We can then implement an individual test like this:

def test_dma_region_too_big():
    global ctx, sock

    payload = vfio_user_dma_map(argsz=len(vfio_user_dma_map()),
        flags=(VFIO_USER_F_DMA_REGION_READ |
               VFIO_USER_F_DMA_REGION_WRITE),
        offset=0, addr=0x10000, size=MAX_DMA_SIZE + 4096)

    msg(ctx, sock, VFIO_USER_DMA_MAP, payload, expect_reply_errno=errno.ENOSPC)

which we can run via make pytest:

...
___________________________ test_dma_region_too_big ____________________________
----------------------------- Captured stdout call -----------------------------
DEBUG: quiescing device
DEBUG: device quiesced immediately
DEBUG: adding DMA region [0x10000, 0x80000011000) offset=0 flags=0x3
ERROR: DMA region size 8796093026304 > max 8796093022208
ERROR: failed to add DMA region [0x10000, 0x80000011000) offset=0 flags=0x3: No space left on device
ERROR: msg0x62: cmd 2 failed: No space left on device
...

This is many times easier to write and test than trying to do this in C, whether as a client/server, or attempting to use mocking. And we can be reasonably confident that the test is meaningful, as we are really executing all of the library’s message handling.

Debugging/testing tools

With a little bit of tweaking, we can also use standard C-based tools like valgrind and gcov. Code coverage is simple: after defeating the mini-boss of cmake, we can run make gcov and get code-coverage results for all C code invoked via the Python tests - it just works!
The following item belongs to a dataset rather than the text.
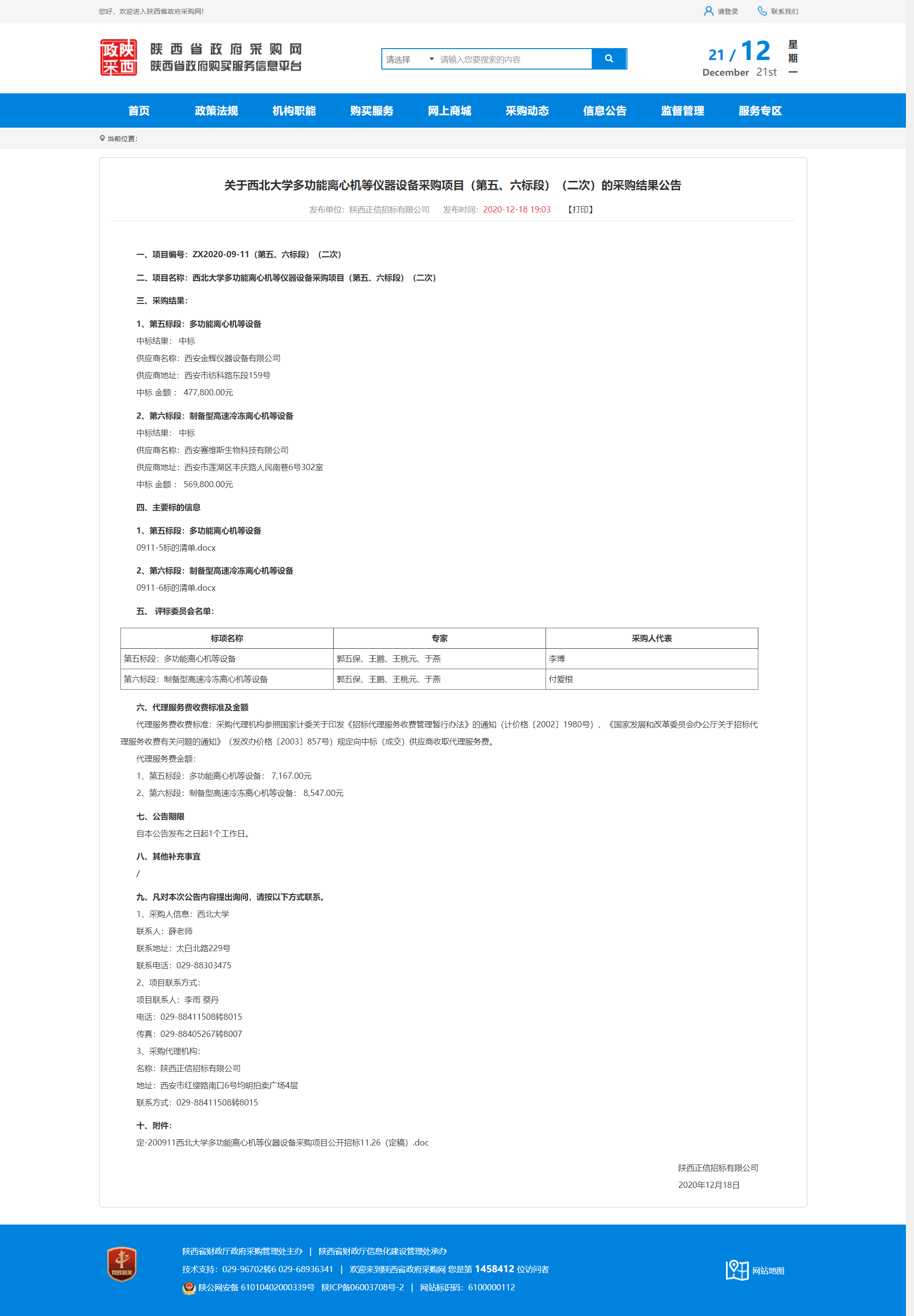 关于伟德国际1949始于英国多功能离心机等仪器设备采购项目(第五、六标段)(二次)的采购结果公告 作者: 编辑:薛利娟 时间:2020-12-21 原 原公告地址:http://www.ccgp-shaanxi.gov.cn/notice/noticeDetail.do?noticeguid=8a85be34765f9eac01767583a6a72bec

Running Python tests with valgrind was a little harder: for leak detection, we need to make sure the tests clean up after themselves explicitly. But Python itself also has a lot of valgrind noise. Eventually we found that this valgrind invocation worked well:

	PYTHONMALLOC=malloc \
	valgrind \
	--suppressions=$(CURDIR)/test/py/valgrind.supp \
	--quiet \
	--track-origins=yes \
	--errors-for-leak-kinds=definite \
	--show-leak-kinds=definite \
	--leak-check=full \
	--error-exitcode=1 \
	$(PYTESTCMD)

We need to force Python to use the system allocator, and add a number of suppressions for internal Python valgrind complaints - I was unable to find a working standard suppression file for Python, so had to construct this myself based upon the Python versions in our CI infrastructure.
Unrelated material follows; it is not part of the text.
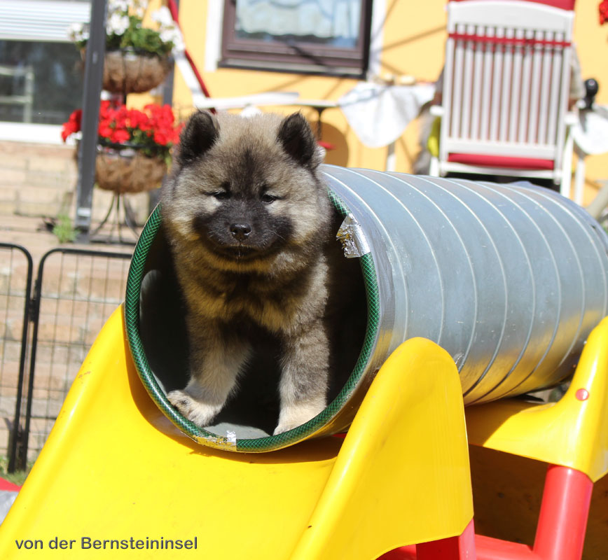 Unsere Welpen werden liebevoll rund um die Uhr von uns betreut. Die Welpenkiste befindet sich in unserem Schlafzimmer. Nach kurzer Zeit erfolgt dann dort eine Vergrößerung der Welpenkiste. Nach ca. 3 Wochen ziehen die Welpen dann in ein separates Welpenzimmer mit Ausgang auf die Terrasse und Garten um. Dann können sie tagsüber den Garten und nachts das Welpenzimmer nutzen. Als Spielgeräte dienen ihnen neben Kleinspielzeug an Seilen diverse Tunnel, Wackelbretter und -scheiben, sowie eine Nestschaukel und eine Rutsche, die ihnen entsprechend ihres Entwicklungsstandes so nach und nach zur Verfügung gestellt werden. In der letzten Woche können sie an einer riesigen Wurzel ihre Zähne reiben, was sie besonders genießen.

Unfortunately, at least on our test systems, ASAN was completely incompatible, so we couldn’t directly run that for the Python tests.

Summary

The approach I’ve described here has worked really well for us: it no longer feels immensely tedious to add tests along with library changes, which can only help improve overall code quality. They are quick to run and modify, and for the most part easy to understand what the tests are actually doing.

There’s been a few occasions where ctypes has been difficult to work with - for me the documentation is particularly sparse, and callbacks from the C library into Python are distinctly non-obvious - but we’ve so far always managed to battle through, and twist it to our needs.

Doing things this way has a few other drawbacks: it’s not clear, for example, how we might test intermittent allocation failures, or other failure injection scenarios. It’s also not really suitable for any kind of performance or scalability testing.

I’m curious if others have taken a similar approach, and what their experiences might be.